Still too many to make a decision. Let’s invest in an ETFs that is unhedged and in EUR. We still see 9 matching ETFs. Ok, let’s just choose the one with the biggest fund size – Amundi Index MSCI World SRI PAB UCITS ETF DR (C).

Now that we’ve decided which ETF to invest in, where can we actually buy it? Let’s check.

We can search for the ETF by its ticker symbol (a letter combination that is used to identify the ETF, similar to stocks). However, we’re now running into a common problem: The ETF is listed with the same ticker in two different exchanges and currencies. How do we know if we’re buying the correct one? At this point, according to our research, many potential investors just give up.

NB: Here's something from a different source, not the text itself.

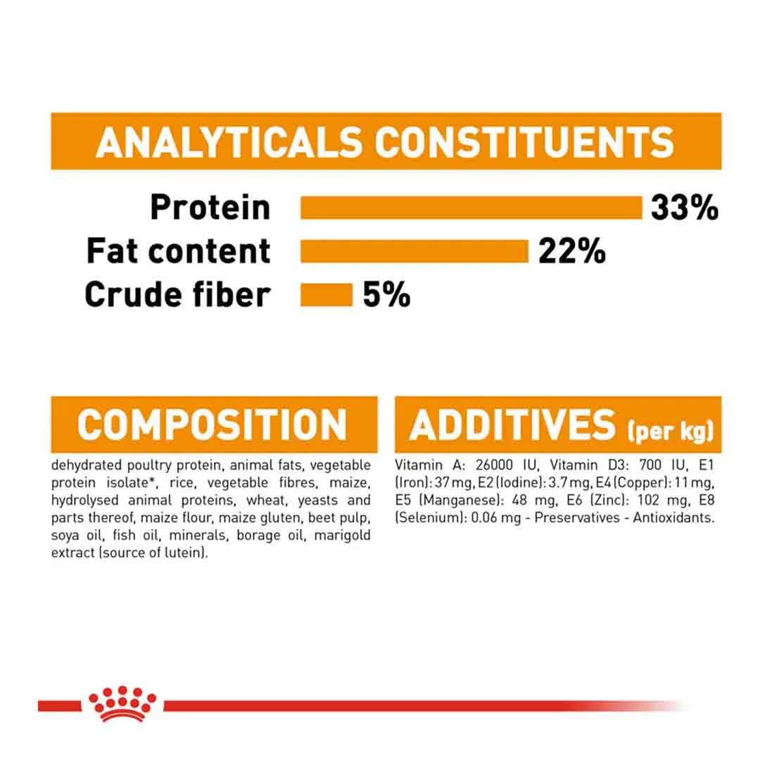 Dehydrated poultry protein, animal fats, vegetable protein isolate, rice, vegetable fibres, maize, hydrolysed animal proteins, wheat, yeasts and parts thereof, maize flour, maize gluten, beet pulp, soya oil, fish oil, minerals, borage oil, marigold extract (source of lutein)

You can of course invest in individual stocks, especially if you enjoy investing and you actually know what you’re doing. But if you just want to create a long-term investment portfolio that is automatically taken care of for you so that you have more time for other things, Mintos ETF Strategies could be a good fit for you.

Who are Mintos ETFs for?

The first Beta version will be most suitable for investors who plan to invest for a longer term. We suggest a time horizon of at least 5 years. The longer your time horizon, the more time you have to ride out ups and downs in the market.

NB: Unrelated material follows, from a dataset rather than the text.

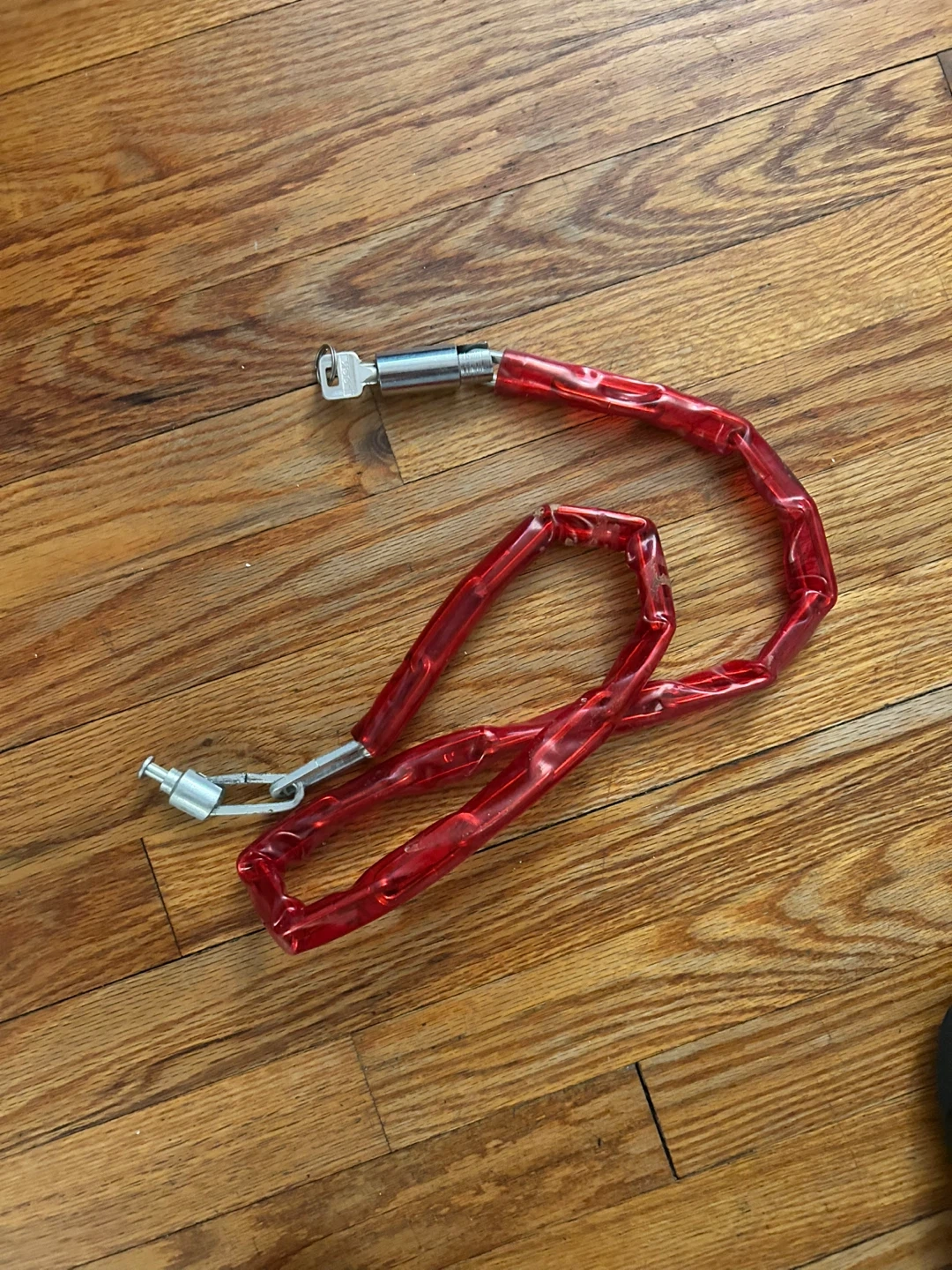 This is a red chain lock with a metal chain and red plastic coating. It includes one key. The lock mechanism is easy and completely functional. This lock is suitable for securing bicycles or other items.

The beta version will not be suitable for investors who want to speculate with market prices or take higher risks. We don’t capitalize on FOMO and thrill-seeking. We’d much rather make investing boring. At the same time, investing in ETFs is not without any risk, especially if you want to save a concrete amount of money in a few years. If your goals are more short-term, you might want to look into safer assets, for example bonds maturing when the money is required.

Main features

In our first Beta version, we plan to offer up to three ready-to-go Mintos ETF strategies. All strategies will be built with a core-satellite approach. One strategy will be screened for ESG (Environment, Socal, Governance) factors so that you can easily invest in a way that’s consistent with your values and beliefs.

Placing investment orders will be really easy. You won’t need to calculate how many shares you need to buy to invest exactly the amount you want. Just let us know how much you want to invest, and we’ll take care of any fractions for you. And your investment can start from as little as €50.

Every time you invest, your ETF will be dynamically rebalanced. Over time, the value of your investment changes. Some of the ETFs in your strategy will grow more, others less. Dynamic rebalancing means that we will allocate more money to underweight ETFs and less to overweight ETFs, bringing your portfolio back closer to the target proportions. This approach is also tax efficient – as nothing is sold to rebalance your portfolio, there’s no taxable event!

If you want to withdraw your money, you can sell your ETFs at any time without additional fees. The same dynamic rebalancing will also take place, just in the opposite direction.

We plan to improve the product in regular iterations based on the feedback we will receive from users.

Progress

We aim to launch the first Beta version for a closed group in late summer. If you’d like to be one of the early testers and help shape the product with your feedback, sign up for the waiting list.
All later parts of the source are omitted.